Podemos sempre contar com a Pixar para, mesmo em tempos difíceis como os atuais, trazer aquele quentinho gostoso para o coração.  Se no ano passado o estúdio nos levou à reflexão existencial no excelente ‘Soul’, este ano o clima é bem mais leve na jornada de amizade, autodescoberta e aceitação de ‘Luca’, que estreia nesta sexta-feira (18), no Disney+.

Numa das melhores representações de “crianças sendo crianças” dos últimos tempos, o filme de estreia do diretor Enrico Casarosa (indicado ao Oscar pelo curta ‘A Lua’) conta a história de Luca Paguro (Jacob Tremblay), um monstro marinho que é fascinado pelo mundo da superfície, e Alberto Scorfano (Jack Dylan Grazer), seu melhor amigo, que mora numa ilha e coleciona itens dos humanos.

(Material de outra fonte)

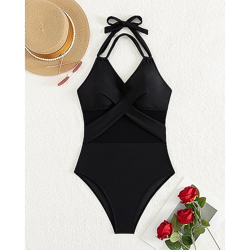 Per donna Costume da bagno Costumi da bagno interi Rete Costume da Bagno Tinta unita Costumi da bagno Blu Nero Protezione UV Traspirante Senza Maniche - Surf Spiaggia Vacanze Estate

Alberto e Luca são monstros marinhos que se transformam em humanos quando saem da água. Imagem: Disney/Pixar/Divulgação
Alberto e Luca são monstros marinhos que se transformam em humanos quando saem da água. Imagem: Disney/Pixar/Divulgação

Luca, porém, foi alertado a vida inteira pelos pais (Maya Rudolph e Jim Gaffigan) de que o mundo humano é um lugar perigoso. A verdade é que no universo do filme, humanos e monstros marinhos não possuem uma boa relação: enquanto os aquáticos fazem o máximo para passar despercebidos, os terrestres os caçam quase obsessivamente. Ainda assim, o jovem monstro marinho anseia por conhecer o mundo lá fora.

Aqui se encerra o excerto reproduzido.